When I was very young, people used to cultivate me for my own sake. But I am no longer young. I shall be twenty-nine again on my next birthday. Then exciting young men would ring me up and make exciting proposals. Now people tell me about foot and mouth disease.
Comic mysteries are always a tricky proposition, because both the mystery and the comedy must come off for the book to succeed. The mystery here is good enough to pass muster and the comedy really shines. Murder Begins at Home is sometimes baffling, but hilarious at every moment.
Second Opinions
These books are humorous and not quite realistic but in the midst of all the shenanigans there is a serious mystery. I have to admit it, this book is not nearly as much fun as She Shall Have Murder, the first book in the series. I don’t know if it is the setting (London law office vs. New Mexico ranch), or the characters. But still, I enjoyed the story.
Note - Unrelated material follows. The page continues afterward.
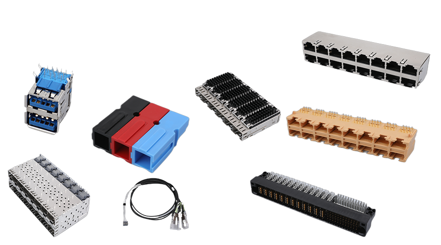 網(wǎng)絡(luò)連接器 (集成RJ45系列和普通RJ45系列)、高速連接器(SFP/QSFP/DSFP/CFP系列)、電源連接器、高速DAC和背板高速線纜組件、BTB連接器、網(wǎng)絡(luò)變壓器、RJ11連接器系列、USB&TYPE-C系列、精密五金件等。公司產(chǎn)品廣泛應(yīng)用于包括“5G/6G”在內(nèi)的網(wǎng)絡(luò)、通訊等行業(yè),并致力于滿(mǎn)足新能源汽車(chē)、高端裝備、智能顯示、軌道交通、機(jī)器人等高精尖終端領(lǐng)域?qū)B接器市場(chǎng)的需求。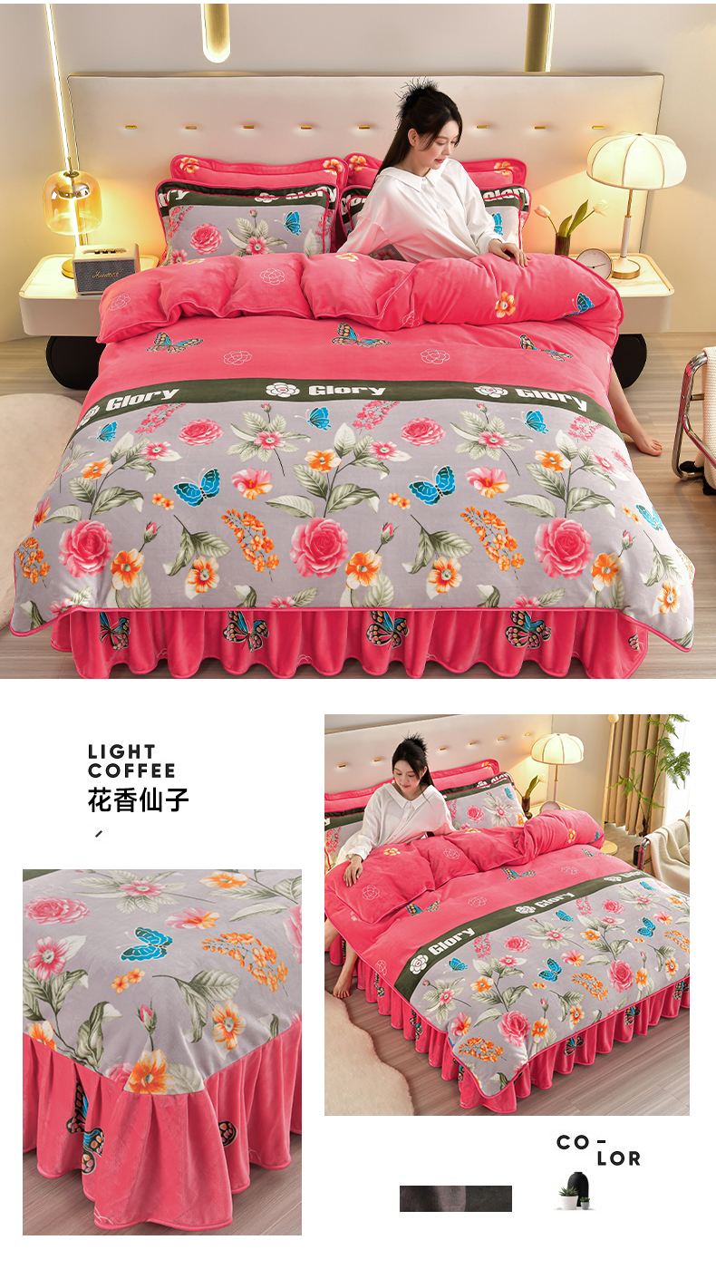 馨梦缘 2025直播爆款8.5斤牛奶绒四件套加厚保暖床裙金貂绒 静若繁花 粉,静若繁花 粉

I find the books harmless and entertaining, with a couple of reservations. I have to keep reminding myself that Jane and Dagobert are English – they give not the slightest impression of being anything but solid Americans in the way they talk, act and dress. On the whole the female narration is well-done, but I found some of Jane’s pronouncements on how to keep a man a bit much (even allowing for the date) and very much male-oriented.
Availability
Murder Begins at Home is out of print, though new copies of the Rue Morgue reprint are still kicking around.
Pleased you enjoyed this one (just The Chinese Chop to go)!
I can’t remember too much about this one, but your review makes me want to reread it.